Entries taken from a collection:
"""
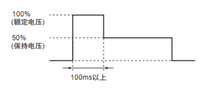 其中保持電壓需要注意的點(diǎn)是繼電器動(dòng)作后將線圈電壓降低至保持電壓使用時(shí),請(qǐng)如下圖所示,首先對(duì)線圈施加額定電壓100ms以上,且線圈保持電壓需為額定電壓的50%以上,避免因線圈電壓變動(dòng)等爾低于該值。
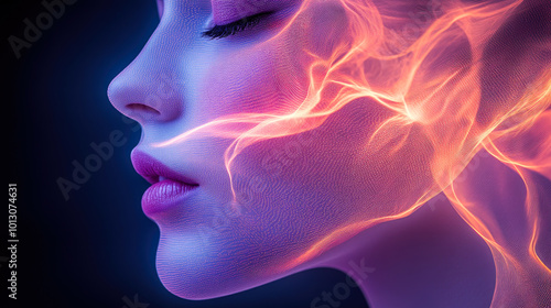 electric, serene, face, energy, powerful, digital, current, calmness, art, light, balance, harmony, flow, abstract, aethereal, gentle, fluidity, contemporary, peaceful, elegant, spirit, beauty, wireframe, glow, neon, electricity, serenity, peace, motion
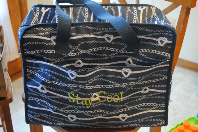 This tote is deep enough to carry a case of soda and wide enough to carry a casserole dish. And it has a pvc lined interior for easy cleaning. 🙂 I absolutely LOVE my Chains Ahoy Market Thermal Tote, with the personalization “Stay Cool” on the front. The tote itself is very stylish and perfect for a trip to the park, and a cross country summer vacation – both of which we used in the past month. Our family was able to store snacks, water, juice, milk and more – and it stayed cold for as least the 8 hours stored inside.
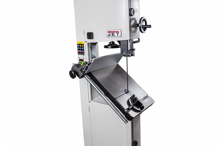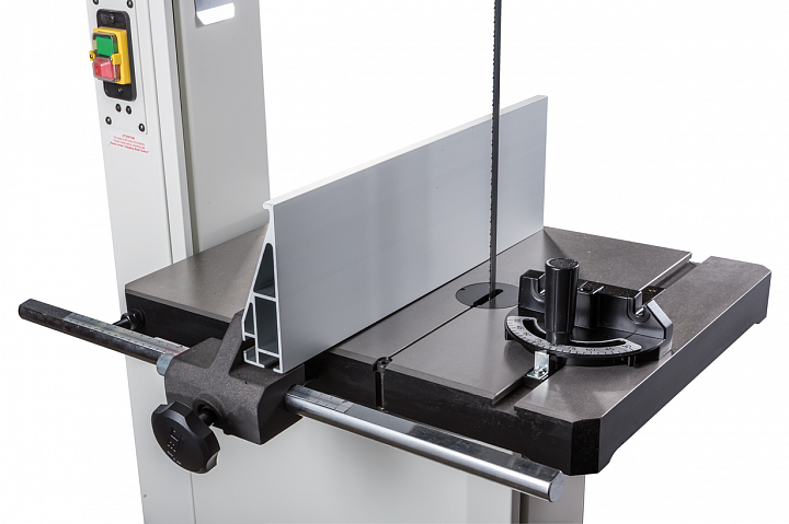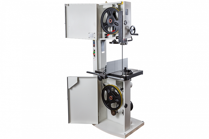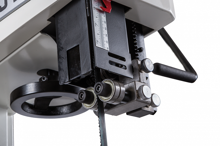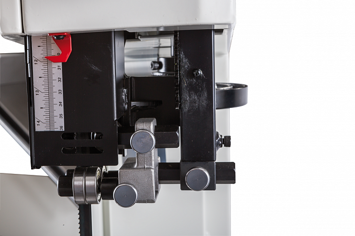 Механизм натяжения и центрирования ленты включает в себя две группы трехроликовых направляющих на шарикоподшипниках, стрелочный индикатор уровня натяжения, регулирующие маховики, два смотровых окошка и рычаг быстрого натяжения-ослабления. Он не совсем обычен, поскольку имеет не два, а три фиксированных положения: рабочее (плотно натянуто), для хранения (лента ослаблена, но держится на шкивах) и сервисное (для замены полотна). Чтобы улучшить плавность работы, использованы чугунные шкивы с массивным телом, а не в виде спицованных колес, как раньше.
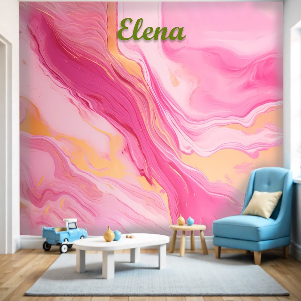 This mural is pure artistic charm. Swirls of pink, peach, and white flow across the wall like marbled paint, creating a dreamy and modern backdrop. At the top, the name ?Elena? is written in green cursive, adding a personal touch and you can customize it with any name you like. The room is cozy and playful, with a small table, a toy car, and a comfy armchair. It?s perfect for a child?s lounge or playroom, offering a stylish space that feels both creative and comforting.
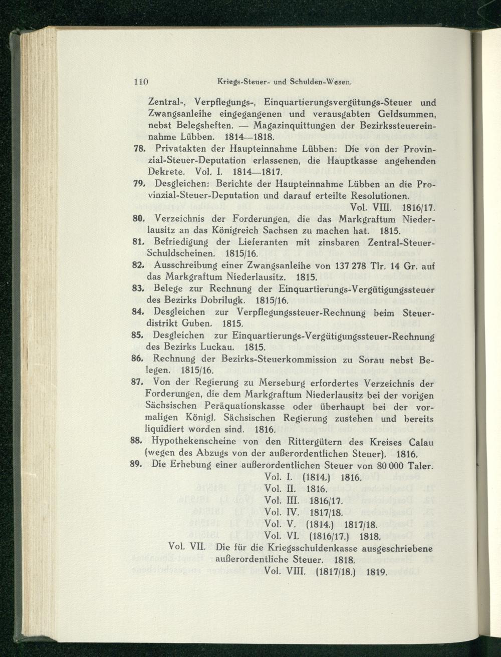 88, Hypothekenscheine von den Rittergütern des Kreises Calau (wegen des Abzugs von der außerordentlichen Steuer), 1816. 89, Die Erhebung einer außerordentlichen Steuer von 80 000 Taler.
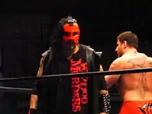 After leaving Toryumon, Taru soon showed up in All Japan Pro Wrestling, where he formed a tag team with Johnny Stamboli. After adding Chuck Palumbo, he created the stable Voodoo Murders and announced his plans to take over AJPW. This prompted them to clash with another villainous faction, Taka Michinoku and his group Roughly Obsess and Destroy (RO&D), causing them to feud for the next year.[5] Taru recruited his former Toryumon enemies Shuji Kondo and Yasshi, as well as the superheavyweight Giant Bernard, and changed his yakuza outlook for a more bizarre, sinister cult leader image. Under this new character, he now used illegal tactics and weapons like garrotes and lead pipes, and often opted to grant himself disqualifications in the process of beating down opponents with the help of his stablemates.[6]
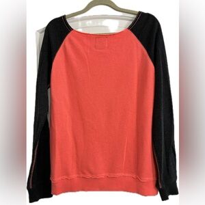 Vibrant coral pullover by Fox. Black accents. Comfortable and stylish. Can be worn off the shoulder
"""
Set the pictures aside and transcribe exactly the stretch of lines above, beginning with the one holding "Механизм натяжения и" and ending with the one holding "88, Hypothekenscheine von".

 Механизм натяжения и центрирования ленты включает в себя две группы трехроликовых направляющих на шарикоподшипниках, стрелочный индикатор уровня натяжения, регулирующие маховики, два смотровых окошка и рычаг быстрого натяжения-ослабления. Он не совсем обычен, поскольку имеет не два, а три фиксированных положения: рабочее (плотно натянуто), для хранения (лента ослаблена, но держится на шкивах) и сервисное (для замены полотна). Чтобы улучшить плавность работы, использованы чугунные шкивы с массивным телом, а не в виде спицованных колес, как раньше.
 This mural is pure artistic charm. Swirls of pink, peach, and white flow across the wall like marbled paint, creating a dreamy and modern backdrop. At the top, the name ?Elena? is written in green cursive, adding a personal touch and you can customize it with any name you like. The room is cozy and playful, with a small table, a toy car, and a comfy armchair. It?s perfect for a child?s lounge or playroom, offering a stylish space that feels both creative and comforting.
 88, Hypothekenscheine von den Rittergütern des Kreises Calau (wegen des Abzugs von der außerordentlichen Steuer), 1816. 89, Die Erhebung einer außerordentlichen Steuer von 80 000 Taler.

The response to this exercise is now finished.